• _Exercise aim_:
Print the records below exactly, from the line containing "2020年5月至7月期间,云" down to the line containing "Ohio, 25 Shares, I/C, Eagle", both lines included, and omit every picture.

• _Source material_:
_ _ _

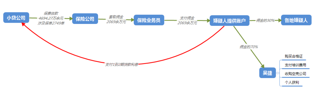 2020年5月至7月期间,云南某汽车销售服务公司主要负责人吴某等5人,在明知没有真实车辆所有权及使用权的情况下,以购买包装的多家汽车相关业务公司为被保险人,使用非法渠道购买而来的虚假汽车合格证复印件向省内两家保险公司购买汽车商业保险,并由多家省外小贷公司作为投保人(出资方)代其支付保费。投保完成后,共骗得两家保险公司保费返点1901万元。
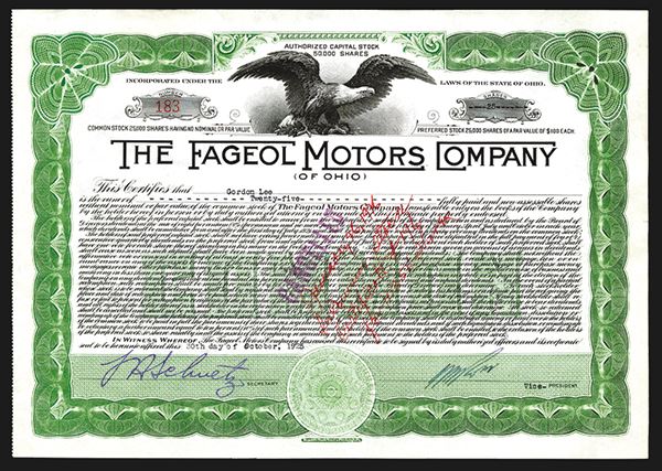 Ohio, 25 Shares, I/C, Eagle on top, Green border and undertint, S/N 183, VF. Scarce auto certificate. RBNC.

_ _ _

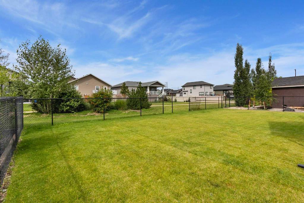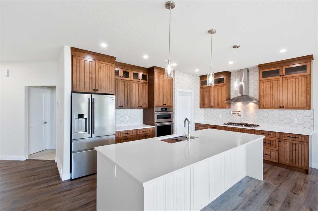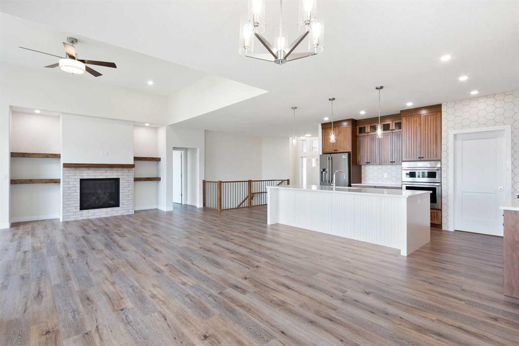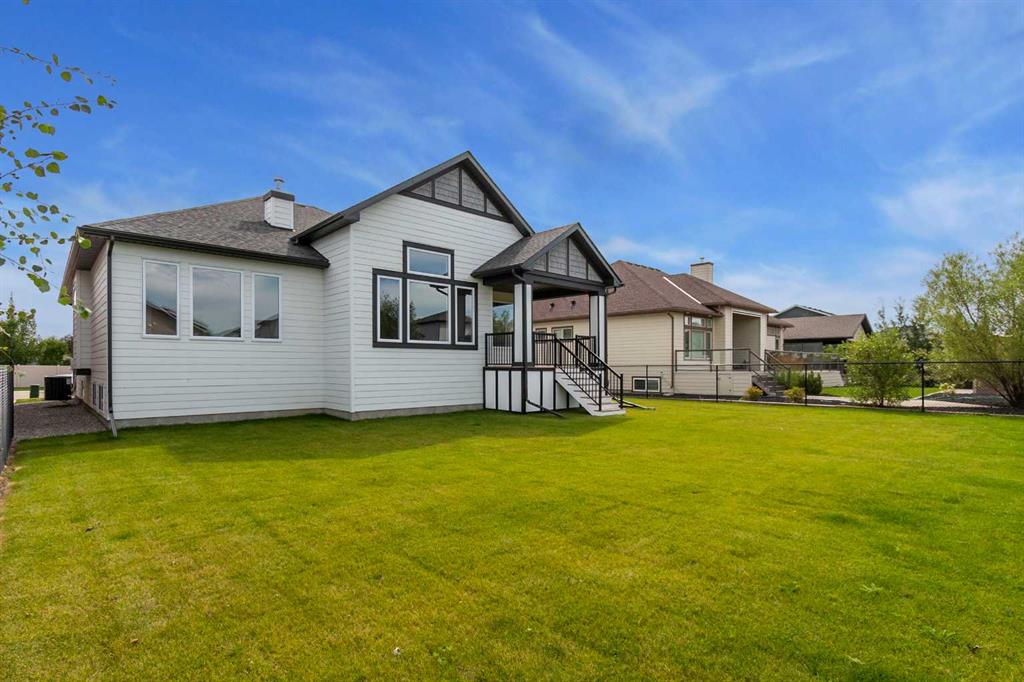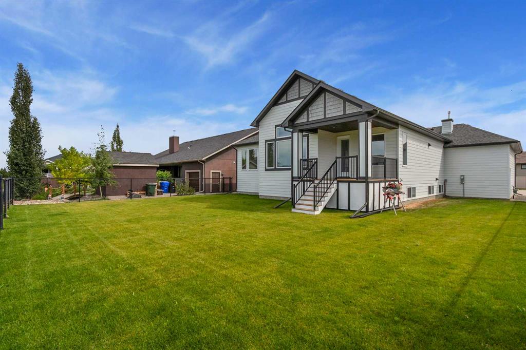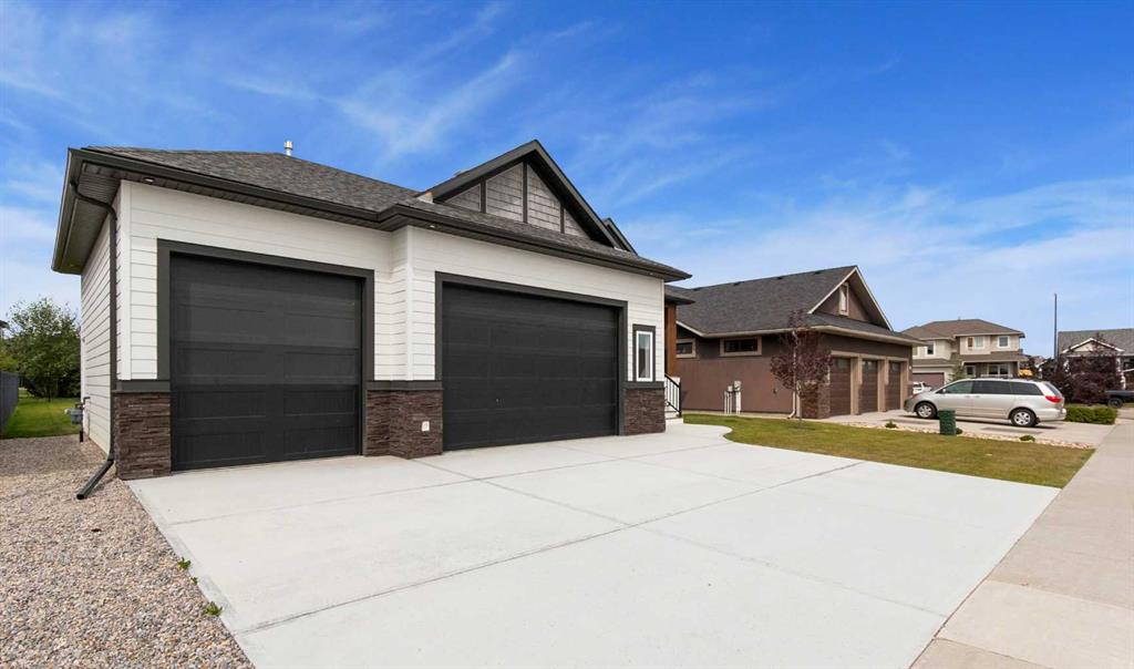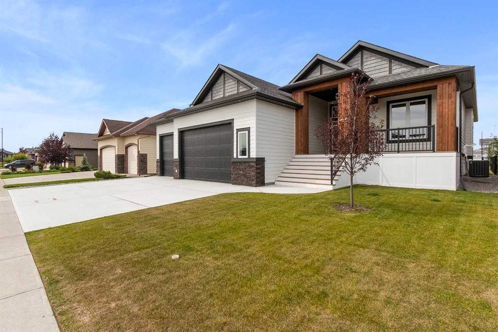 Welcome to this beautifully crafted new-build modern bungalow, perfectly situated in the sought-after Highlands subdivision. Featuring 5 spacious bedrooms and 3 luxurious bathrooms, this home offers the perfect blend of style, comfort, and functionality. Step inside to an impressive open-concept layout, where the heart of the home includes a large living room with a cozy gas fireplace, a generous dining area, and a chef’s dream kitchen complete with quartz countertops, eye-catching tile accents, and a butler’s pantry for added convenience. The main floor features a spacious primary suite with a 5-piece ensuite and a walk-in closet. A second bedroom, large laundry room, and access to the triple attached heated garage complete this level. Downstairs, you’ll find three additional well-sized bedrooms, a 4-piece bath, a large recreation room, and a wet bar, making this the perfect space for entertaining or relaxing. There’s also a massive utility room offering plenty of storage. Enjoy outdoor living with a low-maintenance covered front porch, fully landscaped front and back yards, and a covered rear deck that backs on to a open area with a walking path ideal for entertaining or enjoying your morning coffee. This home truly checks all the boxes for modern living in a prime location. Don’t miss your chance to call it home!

_ _ _

• _Solution for this exercise_:
 2020年5月至7月期间,云南某汽车销售服务公司主要负责人吴某等5人,在明知没有真实车辆所有权及使用权的情况下,以购买包装的多家汽车相关业务公司为被保险人,使用非法渠道购买而来的虚假汽车合格证复印件向省内两家保险公司购买汽车商业保险,并由多家省外小贷公司作为投保人(出资方)代其支付保费。投保完成后,共骗得两家保险公司保费返点1901万元。
 Ohio, 25 Shares, I/C, Eagle on top, Green border and undertint, S/N 183, VF. Scarce auto certificate. RBNC.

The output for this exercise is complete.